Spokane County Commissioner Mary Kuney, chair of the local Board of Health who has defended Clark’s leadership of the health district and disputed that Clark dismissed Lutz, said Tuesday that the state health board had made the right decision in dismissing the case.

“I’m pleased with the decision to do that, and grateful that we’re going to move forward,” Kuney said.

Clark was not available for comment on the resolution of the case Tuesday, said Kelli Hawkins, communications manager for the health district.

Former City Council President Ben Stuckart, who was one of the people who filed a complaint against Clark, said he understood the state Board of Health didn’t have authority over Clark if she was no longer the administrator in Spokane. But he wished the order signed by the judge would have prevented her from taking another, similar job elsewhere, based on the investigator’s findings of evidence of a violation.
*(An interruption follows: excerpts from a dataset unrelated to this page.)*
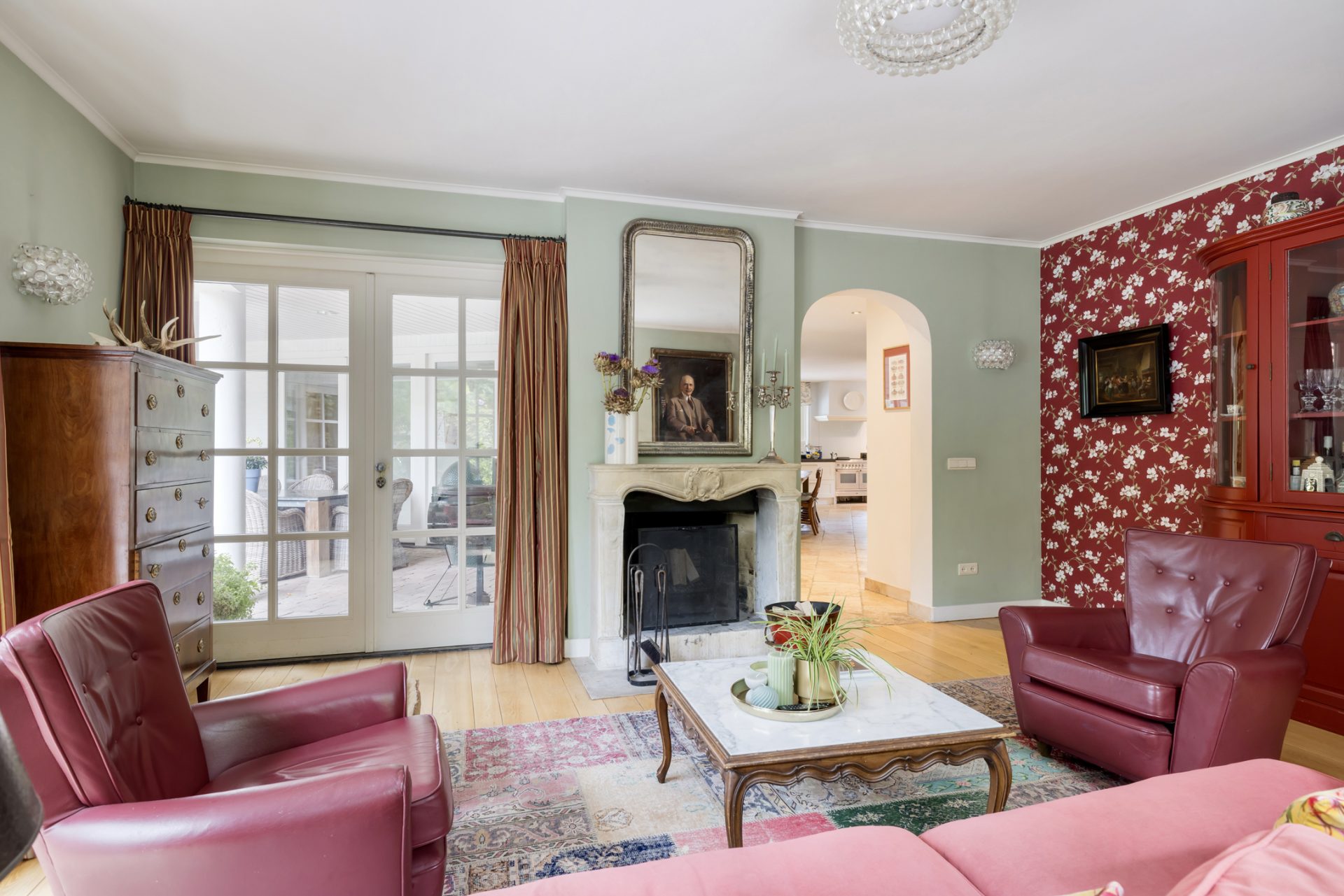 • een aangrenzende tuinkamer met openslaande deuren naar het terras
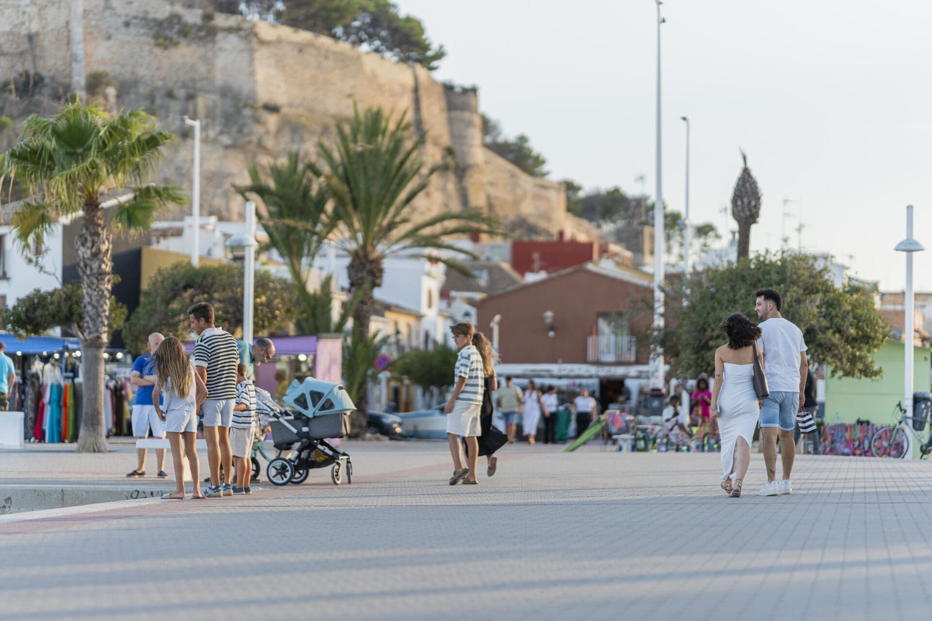 La Explanada Cervantes, situada justo frente al puerto de Dénia, es un espacio peatonal animado y emblemático, flanqueado por palmeras y rodeado de restaurantes y terrazas. Debe su nombre al célebre escritor Miguel de Cervantes, quien desembarcó en estas tierras tras su cautiverio en Argel en 1580; un busto en su honor se encuentra al final del paseo.
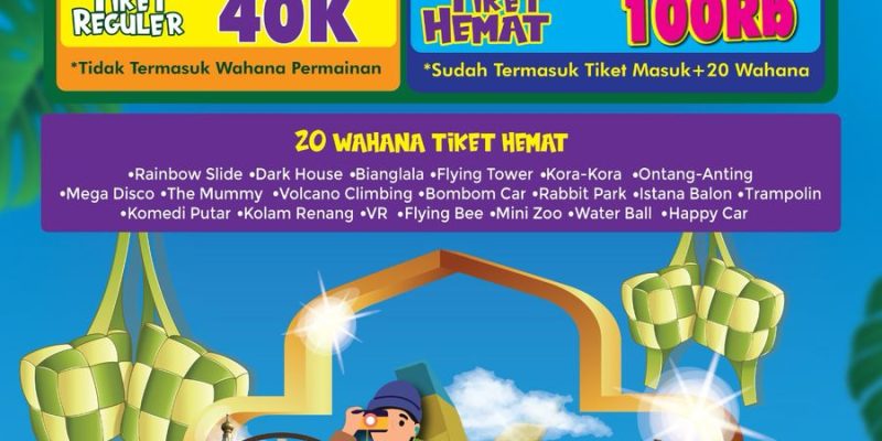 Adapun, kata Panji, 20 Wahana Pilihan Tiket Hemat adalah Rainbow Slide, Dark House, Bianglala, Flying Tower, Kora-Kora, Ontang-Anting, Mega Disco, The Mummy, Volcano Climbing, Bombom Car, Rabbit Park, Istana Balon, Trampolin, Komedi Putar, Kolam Renang, VR, Flying Bee, Mini Zoo, Water Ball, dan Happy Car.
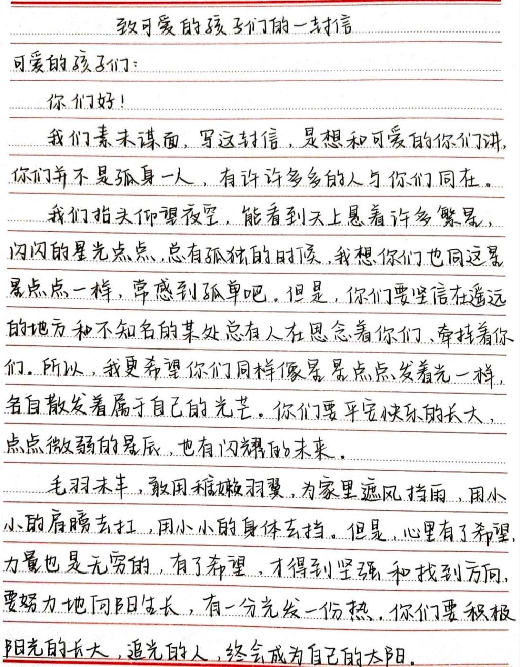 此次“青年执笔书星火,信笺载梦耀心光”志愿服务活动,不仅为特殊教育学校学生送去精神慰藉,也为青年学子在实践中践行五四精神搭建平台,为构建和谐社会贡献了春力量,展现新时代青年的风采与担当。(太阳集团tyc5997 耿雨瞳 周寒雨/供稿 金天/审核)

“The results were pretty crystal clear, I thought,” Stuckart said.

The order, and Clark’s communication to local Board of Health members, states that she has “accepted a position outside of the state of Washington and thus will be resigning her position” on Sept. 16.

The local board has asked for bids from firms that will recruit Clark’s replacement, Kuney said. The district is collecting proposals through Friday, followed by advertising and interviews. During that time, the district will be run by a combination of the health officer, Francisco Velázquez, and other administrative staff, Kuney said.

The next administrative officer will serve at the pleasure of a local health board that has the potential for turnover over the next several months and years due to recent actions by the Spokane County Commission and a change in how commission members are elected. The board’s membership, changed by the commission in response to new state law, includes three members of the commission who will have to be picked from five when that panel expands to five members after this fall’s election.

Three of the eight members of the local health board are also selected by a majority of the County Commission to two-year terms.

Lutz has sued the local health board and Clark, alleging wrongful termination and defamation, in federal court. A jury trial in that case is scheduled for October 2023.